Stored data:
----------------
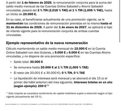 Hola, tengo la cuenta del Sabadell con la promoción desde diciembre 2024. Con un interés del 2,5 hasta 50.000 euros. Me mandaron el correo de que cambiaba la remuneración a partir de febrero pero que me mantenían las condiciones de la promoción hasta 31/12/2026. Me mantendrán el 2,5? Hasta 50000 o hasta 20000? Adjunto foto del correo.
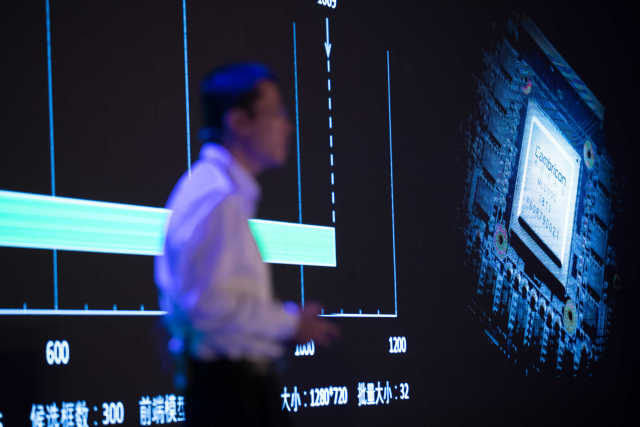5月3日,在上海国际会议中心举行的发布会上,寒武纪科技公司首席执行官陈天石介绍新发布的国内首款云端人工智能芯片。新华社记者 金立旺 摄
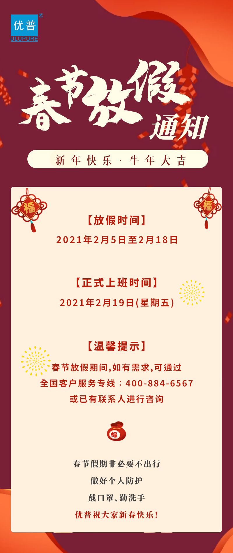 四川優(yōu)普超純科技有限公司2021春節(jié)放假通知。
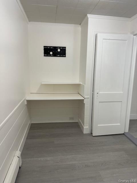 - Spare room featuring dark wood finished floors, ornamental molding, and baseboard heating
----------------
What is required: The whole listing above, minus its pictures, is what you should write out word for word.

Response:
 Hola, tengo la cuenta del Sabadell con la promoción desde diciembre 2024. Con un interés del 2,5 hasta 50.000 euros. Me mandaron el correo de que cambiaba la remuneración a partir de febrero pero que me mantenían las condiciones de la promoción hasta 31/12/2026. Me mantendrán el 2,5? Hasta 50000 o hasta 20000? Adjunto foto del correo.
5月3日,在上海国际会议中心举行的发布会上,寒武纪科技公司首席执行官陈天石介绍新发布的国内首款云端人工智能芯片。新华社记者 金立旺 摄
 四川優(yōu)普超純科技有限公司2021春節(jié)放假通知。
 - Spare room featuring dark wood finished floors, ornamental molding, and baseboard heating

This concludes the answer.